「僕は登板後の3日間は使いものにならないのに…」菊池雄星が花巻東後輩・大谷に脱帽「二刀流自体考えられない」

スポーツ報知
第3打席は大谷を三振に打ち取った菊池(AP)

◆米大リーグ ブルージェイズ2―4ドジャース(27日・カナダ・オンタリオ州トロント=ロジャースセンター)

 ドジャース・大谷翔平投手(29)が27日(日本時間28日)、敵地のブルージェイズ戦で花巻東(岩手)の3学年先輩に当たる菊池雄星投手(32)と移籍後初対戦し、衝撃の一打を放った。2回の右前適時打で自己最速の打球速度119・2マイル(約191・8キロ)をマーク。今季好調の左腕が「打球が速すぎて見えなかった」と舌を巻くほどの超スピードだった。直接対決は3打数1安打1打点で、チームの6連勝に貢献した。

 後輩の打撃に脱帽すると同時に、最上級の敬意を表した。ブルージェイズ・菊池は昨季、渡米後最多の11勝を挙げ、今季も試合前まで5試合で防御率2・28と好調だった。「メジャー6年目で今が一番、自信を持って投げられている」と自負する通り今季最速98・2マイル(約158キロ)を投じたが、大谷に自己最速の安打を献上。今季ワースト9安打を浴び、6回4失点で2敗目を喫した。

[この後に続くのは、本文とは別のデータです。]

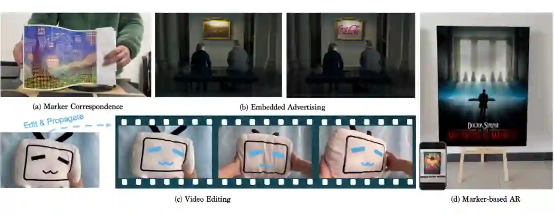 之间的像素级对应关系(Marker Correspondence),这将带来一系列新的有意思的应用。如图(b)所示,可以将一个电视剧或电影中所有片段拍到的某幅画替换成一个植入式广告;如图(c)所示,可以编辑一个视频中的一帧图像并通过 NeuralMarker 将编辑效果扩展到整个视频上,这能大幅的增加视频编辑效率;如图(d)所示,可以实现 Marker AR 效果。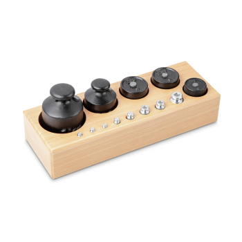 Sarja sylinterin mallisia painoja, jotka ovat messinkiä ja lakattua valurautaa. Puinen säilytystukki.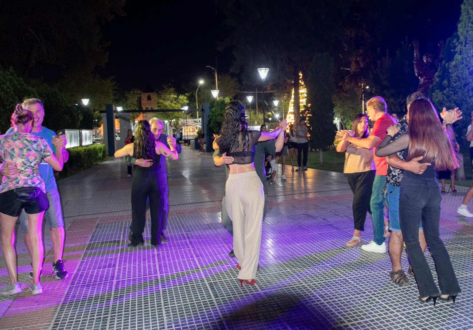 En el marco del Día Internacional del Tango, la Dirección de Cultura junto a las escuelas y academias de danza del departamento convocaron ayer a la comunidad a participar de Patio de Milonga, un encuentro cultural abierto y gratuito que se realizó en la Plaza Departamental. La actividad comenzó a las 21 horas y tuvo como objetivo celebrar y revalorizar el tango como danza tradicional argentina, acercando su arte y su historia a vecinos y visitantes.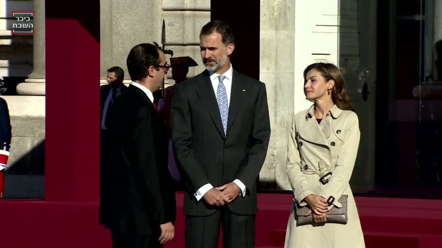 הנשיא ראובן ריבלין ורעייתו נחמה התקבלו אתמול (שני) בכבוד רב על-ידי פליפה מלך ספרד והמלכה לטיסיה בארמון במדריד, שם סקר במשך דקות ארוכות את משמר הכבוד • צפו (מעניין)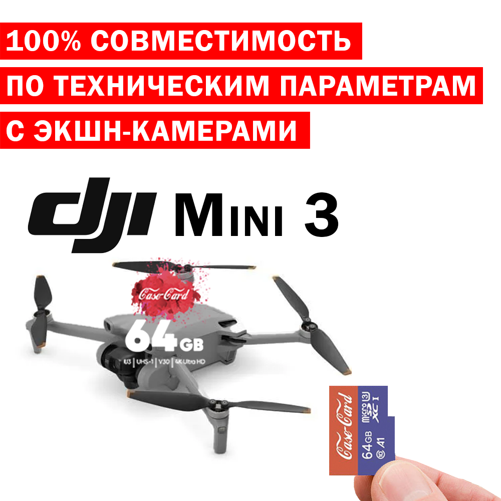 Карта памяти для экшн камеры DJI mini 3 / флешка Case Card для экшн камеры DJI mini 3 64 гб 10 U3 V30 Ultra HD информация: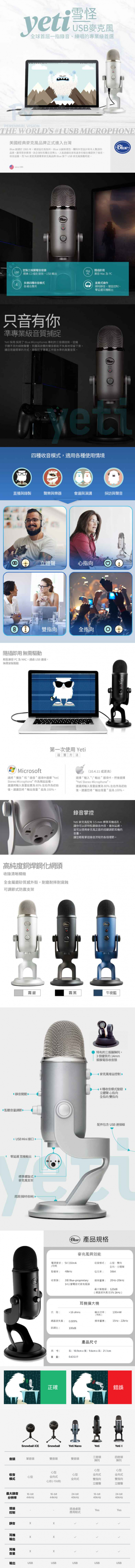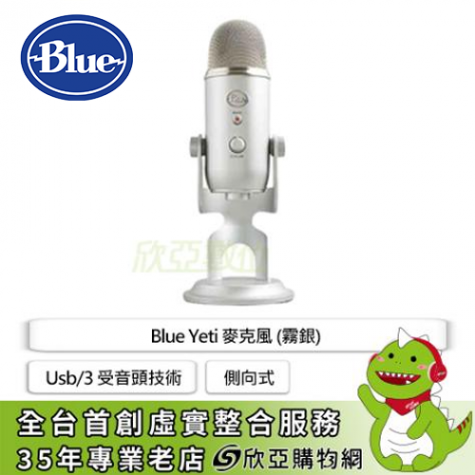 Blue Yeti 麥克風 (霧銀)/Usb/3 受音頭技術/心型、雙向、全向、立體聲模式/側向式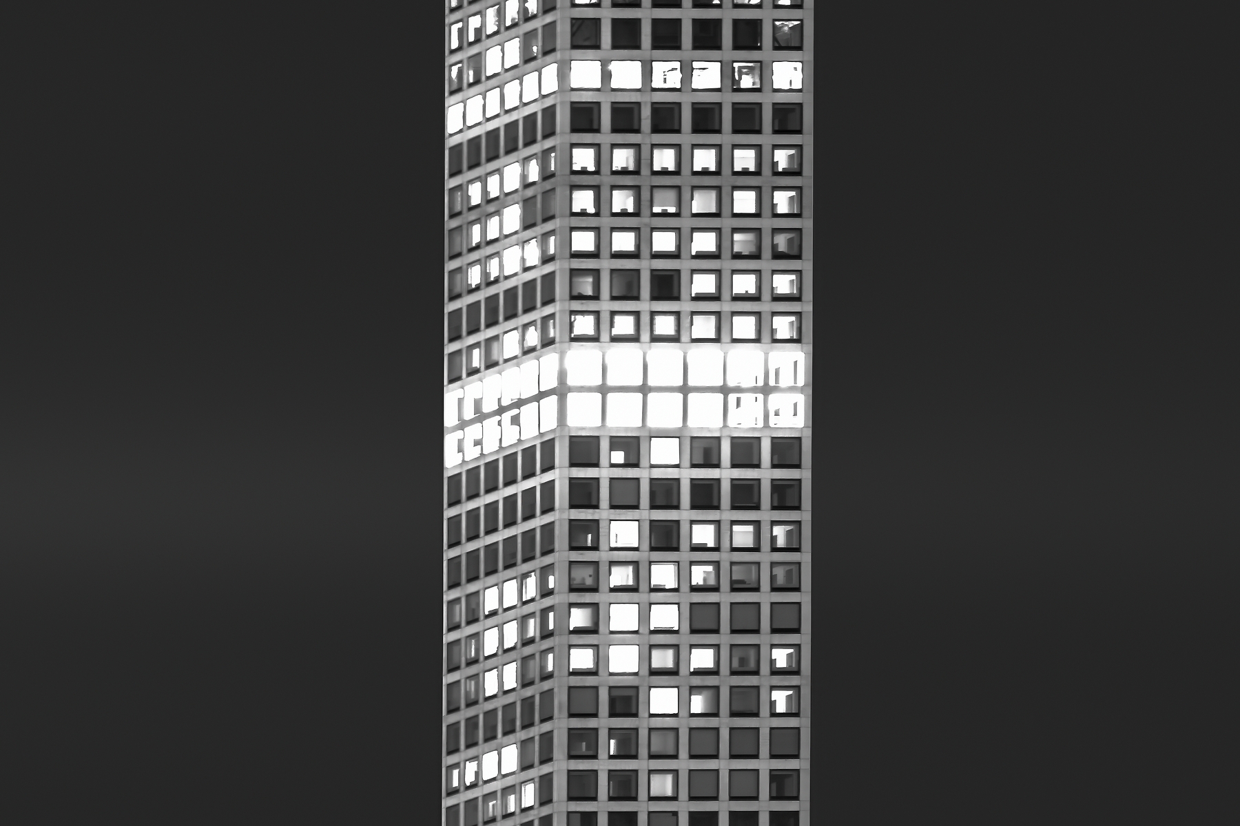 As midnight approached, the low-hanging cloud bank above Times Square glowed brightly from the festivities' pyrotechnics. A chorus of revelers counting down the last remaining seconds of the year could be heard in the distance. We kept shooting the long exposures used for this photo as the new years moment passed, the window lights began to turn off, and a light sprinkle of rain began to fall.

 大谷は昨季44発で日本人初の本塁打王。ドジャース移籍後初の直接対決で後輩のすごみを肌で感じた。

 「二刀流をしていること自体が考えられない。僕は投手しかやってないですけど、投げ終わった後の3日間くらいは体が使いものにならない。彼は去年まで(先発した)その数時間後に打者で立っていた。その中であの数字を残したのは考えられない」

 同じメジャーの最前線を走る投手が言うのだから、やはり常軌を逸しているのだろう。右肘手術明けの今季は投手としての登板はない。今後を想像し、続けた。

 「今年、打者に専念したら疲労の度合いも違う。とんでもない数字がシーズン後に残っているんじゃないかなと」

 キングに輝いた昨季以上の大爆発を予言すると同時に、偉大な後輩の存在が自身の成長にもつながると強調した。

 「左右問わず(MLBで)NO1の打者だと思う。パワーも確実性も含め、毎年どんどんレベルアップするので、それに負けないように、対戦を楽しみにしながら、でも、どうやったら抑えられるかを日々考えながらやっていきたい。そういう打者と対戦できるのは自分のレベルアップにもつながるし、本当に幸せなことだと思います」

 ド軍移籍1年目ということもあり、例年以上に注目を集めた花巻東対決。雄星は「幸せなことですよ。岩手のみんなが久しぶりに『テレビに映るよ』と連絡をくれたので、有名になれるチャンスかなと思って頑張ろうかなと思いました」と笑った。今季の同カードは28日(日本時間29日)が最後で、次があるとすればワールドシリーズ。岩手から始まった2人の物語は続いていく。(中村 晃大)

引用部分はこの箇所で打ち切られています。